She and Lahtvee then developed a fermentation process, one similar to brewing beer. They mix the red bug in large, stainless steel tanks with the sugars from sawdust or other upcycled organic sources. They add some heat to activate the yeast and let the microorganisms do their thing. Once fermentation is complete, they harvest and treat the lipid-rich biomass to create food-grade oil- and fat-alternative products.

ÄIO is currently focusing on three bespoke products. Its RedOil could be used as an alternative to vegetable and fish oils, or serve as a substitute for synthetic ingredients in cosmetics and lubricants in household cleaners. The company produces a powdered form for easy transportation and a “buttery fat” to replace lards and shortenings, as well.

“Our main goal is to replace palm oil,” Lahtvee said in the interview. “At the same time, we are working with precision fermentation of specialty lipids so that we can provide the chemical and physical properties that a customer needs, such as a specific melting temperature or taste profile.”

Think globally, act locally

ÄIO’s biomanufactured approach has several potential advantages over palm oil. For one, its powdered form can travel without risk of leaks, spillage, and loss. It can then be reconstituted on-site and emulsified to provide the consistency required for whatever product it is used in.

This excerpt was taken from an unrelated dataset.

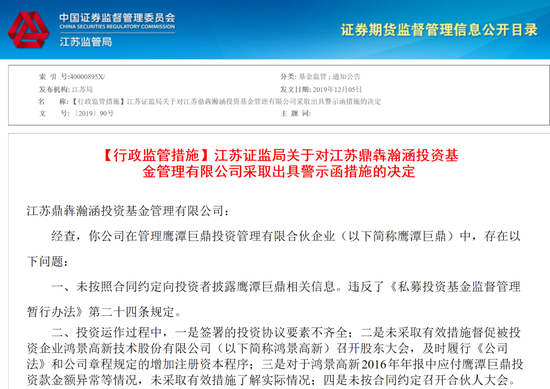 另外,此次疑似失联的几家私募,有多家曾经收到过监管的罚单。比如江苏鼎犇瀚涵投资基金管理有限公司,在2019年12月收到江苏证监局的警示函,公司在管理鹰潭巨鼎投资管理有限合伙企业中,存在几个问题:一是未按照合同约定向投资者披露鹰潭巨鼎相关信息。二是投资运作过程中,第一签署的投资协议要素不齐全;第二未采取有效措施督促被投资企业鸿景高新技术股份有限公司召开股东大会,及时履行《公司法》和公司章程规定的增加注册资本程序;第三对于鸿景高新2016年年报中应付鹰潭巨鼎投资款金额异常等情况,未采取有效措施了解实际情况;第四未按合同约定召开合伙人大会。
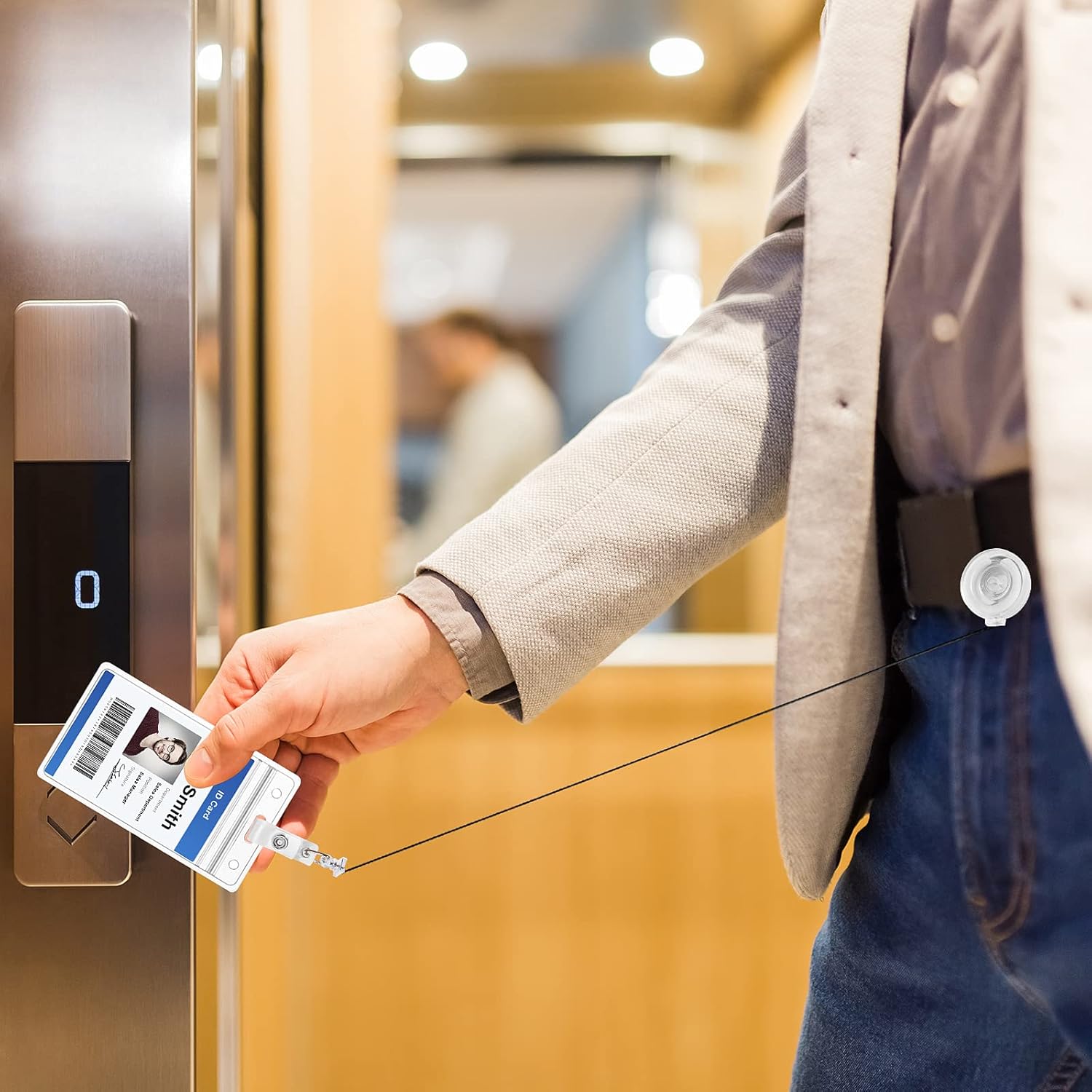 - 【TOP QUALITY BADGE REEL】: Our retractable badge clip is made of high-quality ABS shell and high-strength nylon fish thread of badge clip with 30-inch extension makes retractable badge reel easier to use your ID card. The spring at the joint of id retractable badge holder can reduce the tension and effectively prevents the cord from breaking. All above advantages make it durable

The yeast can upcycle “side streams” from many different industries, too. Side streams are the unwanted, low-value byproducts of industrial activities — think sawdust from lumber or weeds from agriculture. While ÄIO has focused mainly on sawdust, its versatility means the fermentation process can be implemented locally anywhere a compatible side stream is available.

Our technology contributes to the circular economy because it allows us to upcycle low-value products.

Petri-Jaan Lahtvee

“Our technology really contributes to the circular economy because it allows us to upcycle low-value products,” Lahtvee said. “It’s important to ensure food security, as well. Because our processes don’t rely on long supply chains, and you don’t have to transport specific goods to certain places, they can be locally produced.”

Finally, there’s the advantage of speed. It takes time to clear a dense rainforest, build a plantation, grow the palm trees, harvest the palm fruit, and then process it. The same can be said for raising animals for butter and lard. Conversely, microorganisms like yeast live on a far speedier time scale. This means ÄIO’s fermentation process has the potential to produce fats and oils far quicker once production is at scale.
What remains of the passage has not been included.